◆ THE TASK ◆
Set down all of the entries word for word, omitting the images they contain.

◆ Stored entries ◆
+---+

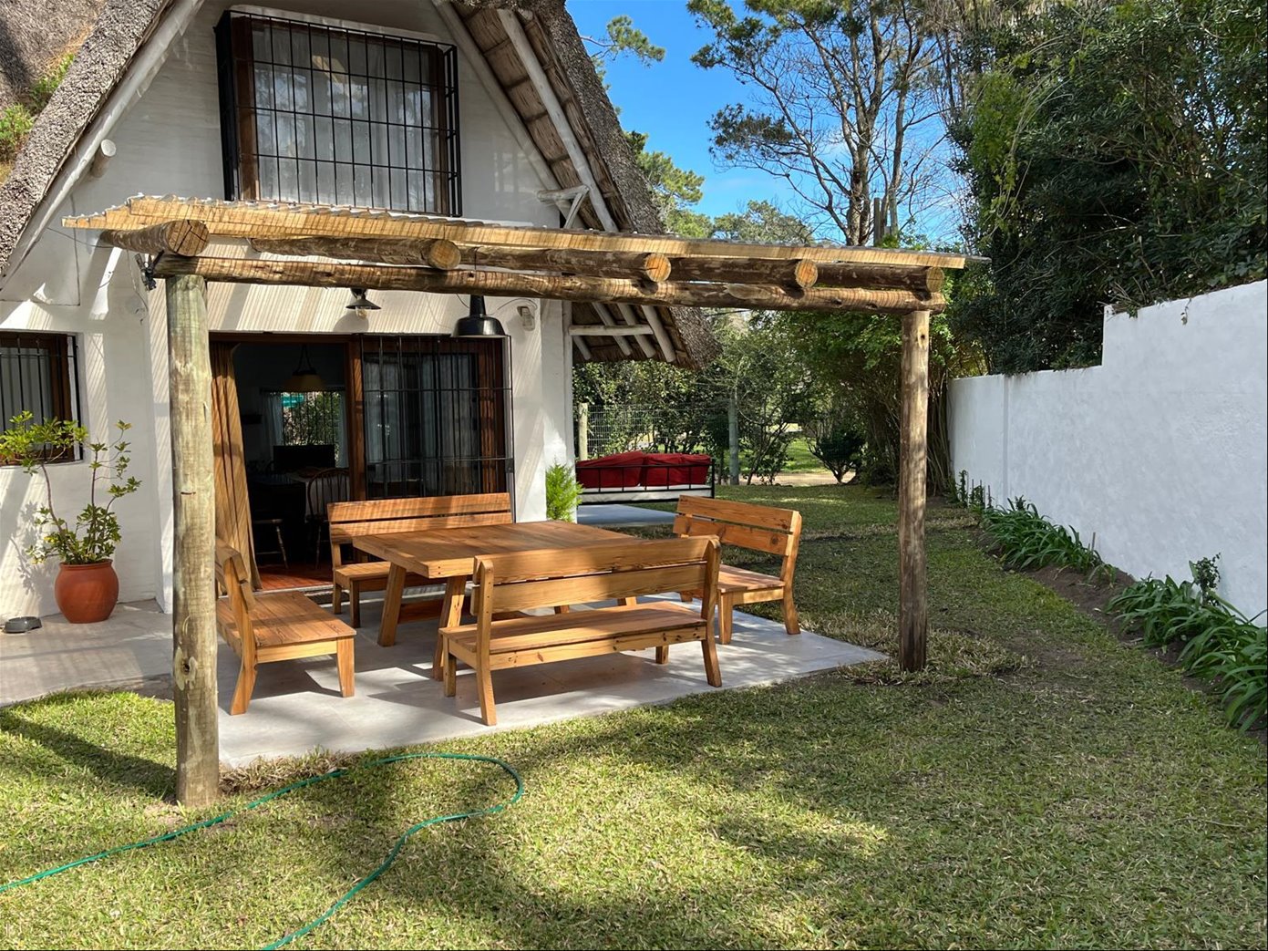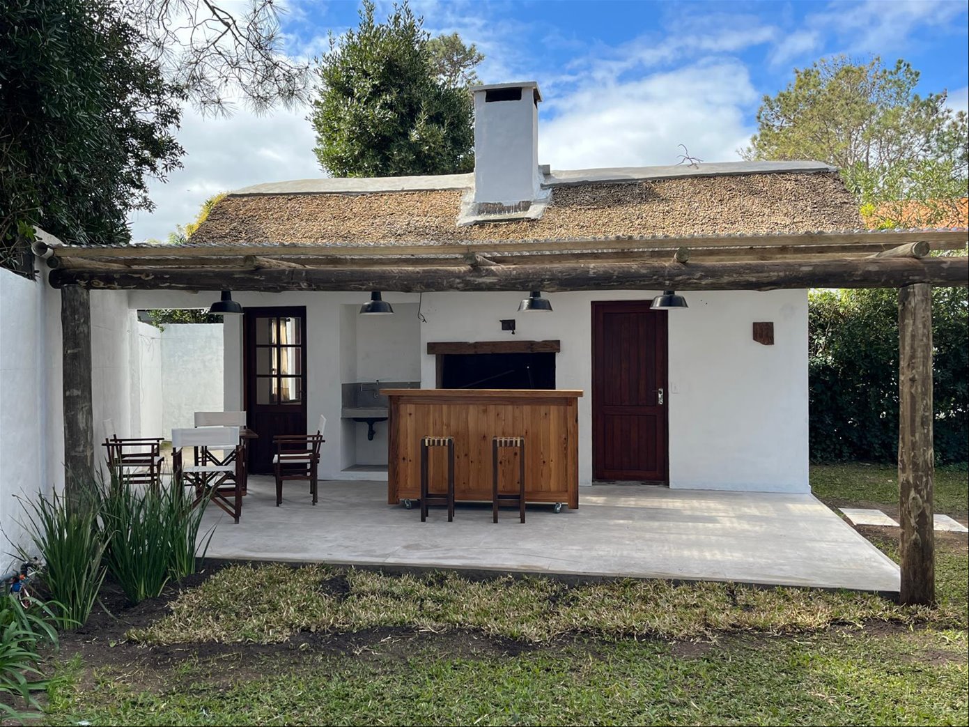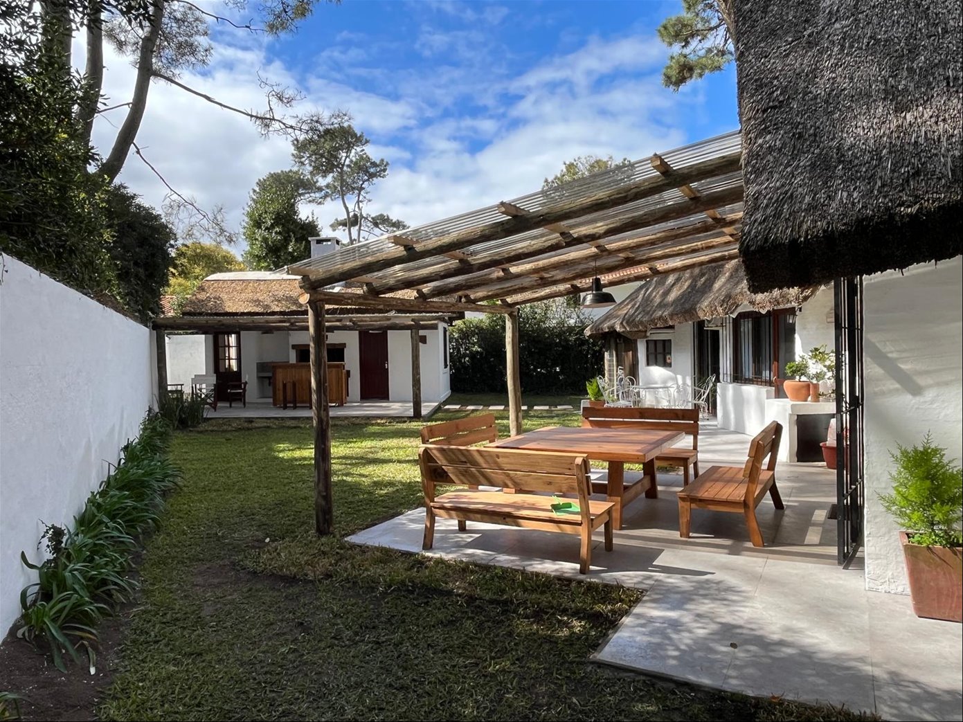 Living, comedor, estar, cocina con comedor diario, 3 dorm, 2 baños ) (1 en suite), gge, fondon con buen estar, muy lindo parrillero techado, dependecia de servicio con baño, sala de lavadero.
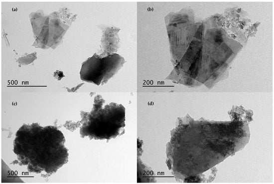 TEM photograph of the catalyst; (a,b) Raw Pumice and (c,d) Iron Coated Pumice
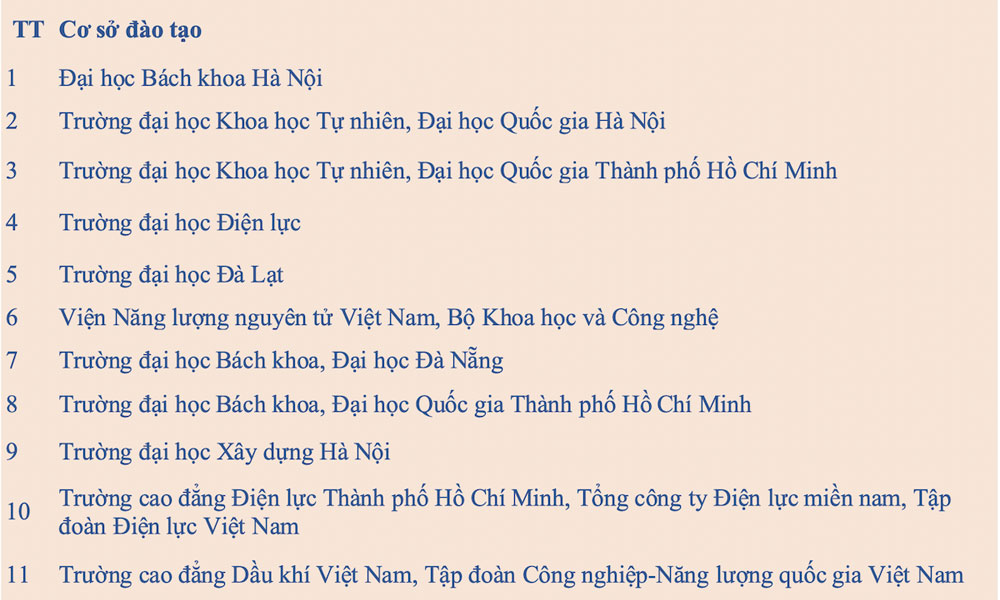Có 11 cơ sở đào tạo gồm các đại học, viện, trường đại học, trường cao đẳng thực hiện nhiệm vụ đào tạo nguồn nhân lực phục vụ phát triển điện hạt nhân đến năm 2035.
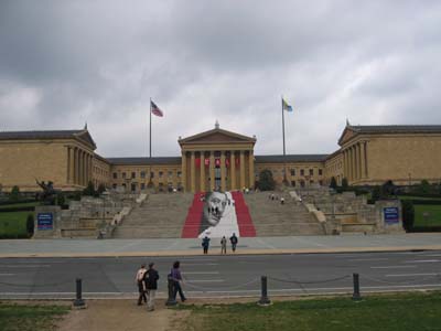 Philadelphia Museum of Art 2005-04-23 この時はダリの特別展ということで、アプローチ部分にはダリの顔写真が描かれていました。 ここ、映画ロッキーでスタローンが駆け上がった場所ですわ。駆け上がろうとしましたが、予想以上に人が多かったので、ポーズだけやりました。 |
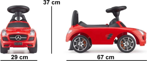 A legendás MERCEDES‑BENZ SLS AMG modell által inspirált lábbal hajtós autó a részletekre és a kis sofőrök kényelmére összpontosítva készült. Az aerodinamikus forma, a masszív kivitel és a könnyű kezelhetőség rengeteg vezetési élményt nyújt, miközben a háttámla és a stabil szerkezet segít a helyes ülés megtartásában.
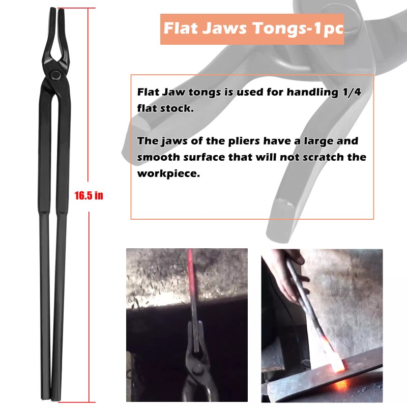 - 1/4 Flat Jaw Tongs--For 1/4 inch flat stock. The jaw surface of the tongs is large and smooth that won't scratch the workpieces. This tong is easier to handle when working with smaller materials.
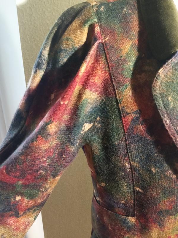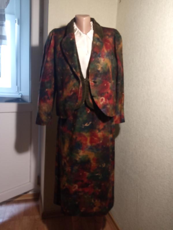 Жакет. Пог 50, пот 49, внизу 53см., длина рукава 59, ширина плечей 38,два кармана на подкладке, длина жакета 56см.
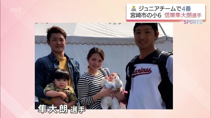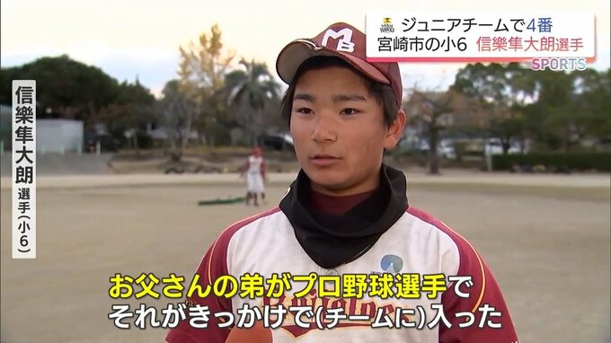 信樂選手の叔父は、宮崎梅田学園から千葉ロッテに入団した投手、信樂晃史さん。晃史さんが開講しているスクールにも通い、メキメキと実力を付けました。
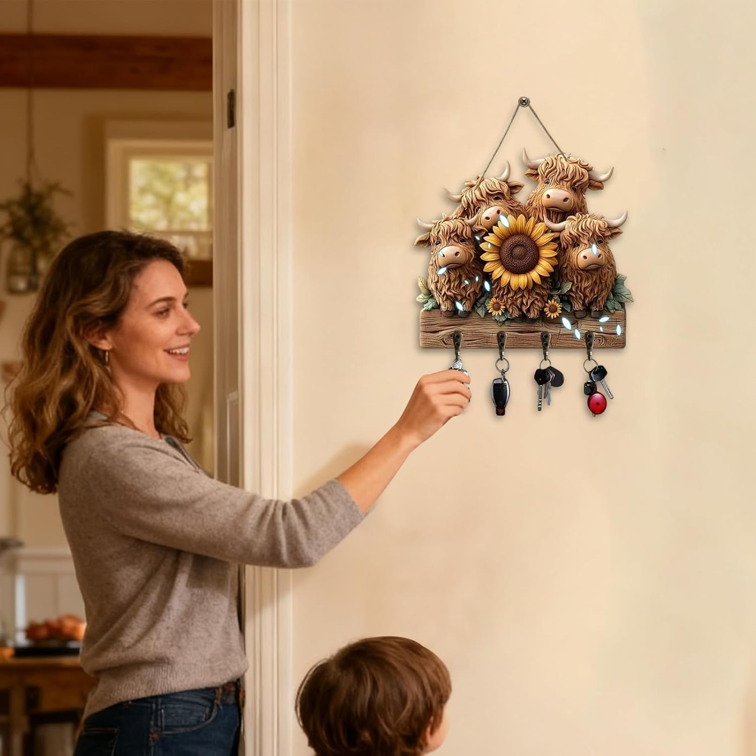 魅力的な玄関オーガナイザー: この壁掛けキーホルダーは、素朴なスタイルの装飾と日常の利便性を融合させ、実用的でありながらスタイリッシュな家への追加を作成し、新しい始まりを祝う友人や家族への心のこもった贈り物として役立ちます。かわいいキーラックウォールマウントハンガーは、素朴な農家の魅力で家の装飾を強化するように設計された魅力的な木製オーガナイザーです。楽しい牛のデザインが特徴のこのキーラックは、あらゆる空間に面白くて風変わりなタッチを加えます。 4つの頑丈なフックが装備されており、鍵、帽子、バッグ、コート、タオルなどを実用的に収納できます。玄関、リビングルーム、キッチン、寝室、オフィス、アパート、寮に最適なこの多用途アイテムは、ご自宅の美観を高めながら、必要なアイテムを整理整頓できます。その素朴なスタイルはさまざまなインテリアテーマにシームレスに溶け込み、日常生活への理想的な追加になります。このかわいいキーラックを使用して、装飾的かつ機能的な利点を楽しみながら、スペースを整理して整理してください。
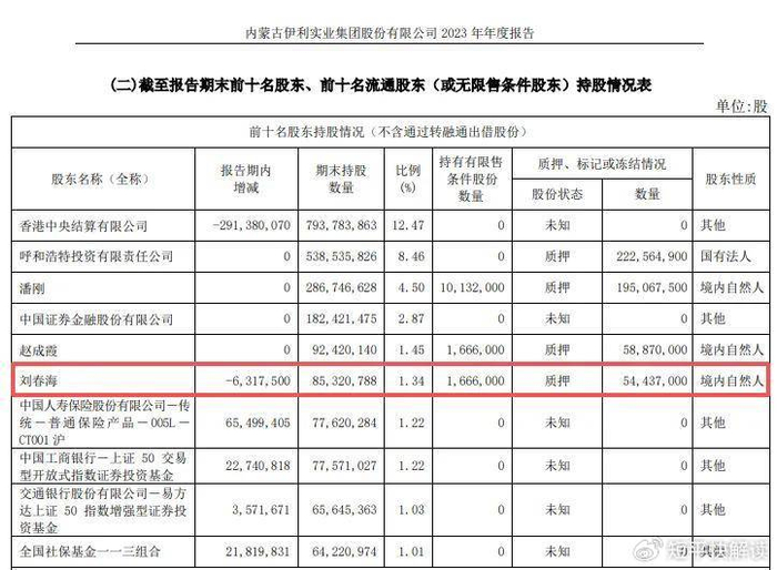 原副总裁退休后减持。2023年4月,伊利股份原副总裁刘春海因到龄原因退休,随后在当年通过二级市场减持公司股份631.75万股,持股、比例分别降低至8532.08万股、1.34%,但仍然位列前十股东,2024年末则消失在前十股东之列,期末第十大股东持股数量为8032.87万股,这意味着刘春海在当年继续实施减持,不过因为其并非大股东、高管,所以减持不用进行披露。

+---+

◆ SOLUTION TO THE PROBLEM ◆
 Living, comedor, estar, cocina con comedor diario, 3 dorm, 2 baños ) (1 en suite), gge, fondon con buen estar, muy lindo parrillero techado, dependecia de servicio con baño, sala de lavadero.
 TEM photograph of the catalyst; (a,b) Raw Pumice and (c,d) Iron Coated Pumice
Có 11 cơ sở đào tạo gồm các đại học, viện, trường đại học, trường cao đẳng thực hiện nhiệm vụ đào tạo nguồn nhân lực phục vụ phát triển điện hạt nhân đến năm 2035.
 Philadelphia Museum of Art 2005-04-23 この時はダリの特別展ということで、アプローチ部分にはダリの顔写真が描かれていました。 ここ、映画ロッキーでスタローンが駆け上がった場所ですわ。駆け上がろうとしましたが、予想以上に人が多かったので、ポーズだけやりました。 |
 A legendás MERCEDES‑BENZ SLS AMG modell által inspirált lábbal hajtós autó a részletekre és a kis sofőrök kényelmére összpontosítva készült. Az aerodinamikus forma, a masszív kivitel és a könnyű kezelhetőség rengeteg vezetési élményt nyújt, miközben a háttámla és a stabil szerkezet segít a helyes ülés megtartásában.
 - 1/4 Flat Jaw Tongs--For 1/4 inch flat stock. The jaw surface of the tongs is large and smooth that won't scratch the workpieces. This tong is easier to handle when working with smaller materials.
 Жакет. Пог 50, пот 49, внизу 53см., длина рукава 59, ширина плечей 38,два кармана на подкладке, длина жакета 56см.
 信樂選手の叔父は、宮崎梅田学園から千葉ロッテに入団した投手、信樂晃史さん。晃史さんが開講しているスクールにも通い、メキメキと実力を付けました。
 魅力的な玄関オーガナイザー: この壁掛けキーホルダーは、素朴なスタイルの装飾と日常の利便性を融合させ、実用的でありながらスタイリッシュな家への追加を作成し、新しい始まりを祝う友人や家族への心のこもった贈り物として役立ちます。かわいいキーラックウォールマウントハンガーは、素朴な農家の魅力で家の装飾を強化するように設計された魅力的な木製オーガナイザーです。楽しい牛のデザインが特徴のこのキーラックは、あらゆる空間に面白くて風変わりなタッチを加えます。 4つの頑丈なフックが装備されており、鍵、帽子、バッグ、コート、タオルなどを実用的に収納できます。玄関、リビングルーム、キッチン、寝室、オフィス、アパート、寮に最適なこの多用途アイテムは、ご自宅の美観を高めながら、必要なアイテムを整理整頓できます。その素朴なスタイルはさまざまなインテリアテーマにシームレスに溶け込み、日常生活への理想的な追加になります。このかわいいキーラックを使用して、装飾的かつ機能的な利点を楽しみながら、スペースを整理して整理してください。
 原副总裁退休后减持。2023年4月,伊利股份原副总裁刘春海因到龄原因退休,随后在当年通过二级市场减持公司股份631.75万股,持股、比例分别降低至8532.08万股、1.34%,但仍然位列前十股东,2024年末则消失在前十股东之列,期末第十大股东持股数量为8032.87万股,这意味着刘春海在当年继续实施减持,不过因为其并非大股东、高管,所以减持不用进行披露。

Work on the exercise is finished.